La première consiste en l’existence de veines liquides dans la glace qui pourraient constituer un habitat pour la vie microbienne à basse température. Les impuretés insolubles dans la structure cristalline vont, pour des raisons thermodynamiques, se concentrer dans une phase liquide formant un réseau de veines de la taille de quelques micromètres. Celles-ci contiennent de l’eau liquide, des nutriments et des biomolécules, donc tout l’arsenal indispensable au métabolisme des microorganismes qui s’y retrouveraient piégés.

La seconde concerne la surface de grains minéraux (en particulier des grains d’argile) entraînés par la glace qui, à leur contact, va développer un film extrêmement mince (nanométrique) d’eau non gelée. Ce film constitue un second habitat dans lequel les microorganismes vivent. Ils peuvent s’y attacher et extraire de l’énergie ainsi que des nutriments au travers de réactions chimiques avec les ions dissous dans le film d’eau ou présents à la surface de ces grains.

Sur la Terre primitive, les molécules prébiotiques (biomolécules fondamentales qui sont les briques et les précurseurs des molécules du vivant) ont pu polymériser (former des molécules géantes) vers les acides nucléiques du type ARN (acide ribonucléique) [1] grâce au taux élevé de rencontres possibles entre ces molécules dans les veines liquides ou dans les films d’eau entourant les grains d’argile pris dans la glace.

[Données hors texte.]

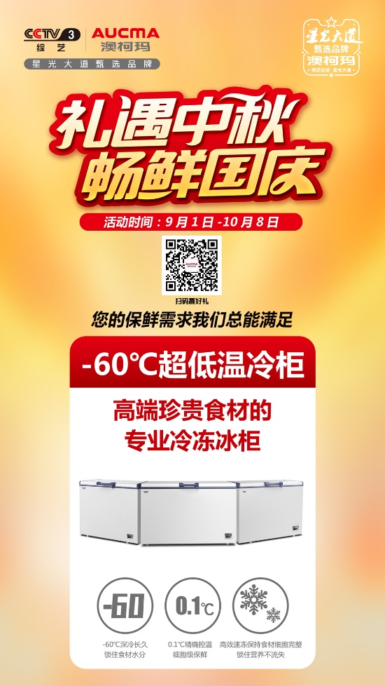 正逢金秋國(guó)慶小長(zhǎng)假,澳柯瑪攜手“暢鮮國(guó)慶”鉅惠活動(dòng)。專為國(guó)慶期間推出了多款重磅產(chǎn)品:其中家庭冷凍儲(chǔ)存的利器,澳柯瑪-60℃超低溫系列冷柜DW/BD-56W192HE、DW/BD-56W302HE、DW/BD-56W420HE,用鮮美肉香滋潤(rùn)秋天,為大家“貼秋膘”添一分助力。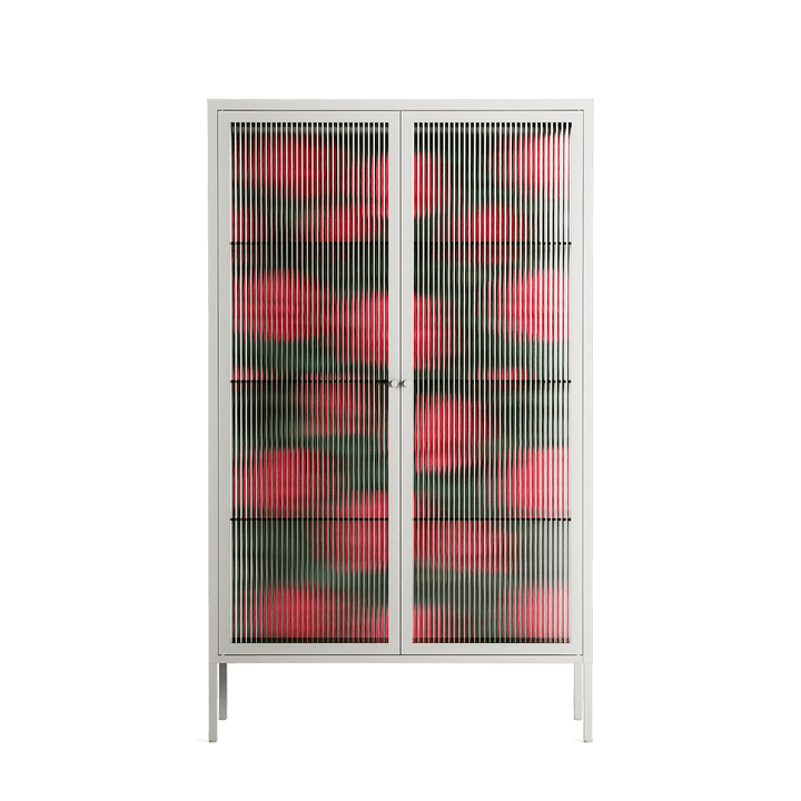 Mormors Rabatt by Nur Rydberg, displayed within the Vitrine Cabinet behind Reeded glass. Finished in the colour Chalk, the cabinet becomes a frame for the artwork and the objects within.

Il est à noter la coïncidence frappante entre les deux propriétés de la glace, permettant le maintien d’une vie microbienne ainsi que la polymérisation de biomolécules. Pour les scientifiques s’intéressant à l’exobiologie [2] , celles-ci corroborent l’hypothèse qu’il est possible de découvrir des traces de vie sur d’autres corps du Système Solaire contenant de la glace tels que Mars ou Europe (l’un des satellites de Jupiter).

Claude Dahdouh , INIST-CNRS

[1] Voir l’article sur l’ARN dans Wikipedia

[2]L’exobiologie est l’étude des phénomènes liés à l’apparition de la vie sur Terre. Par extension, cette discipline concerne aussi la recherche de formes de vie extraterrestre.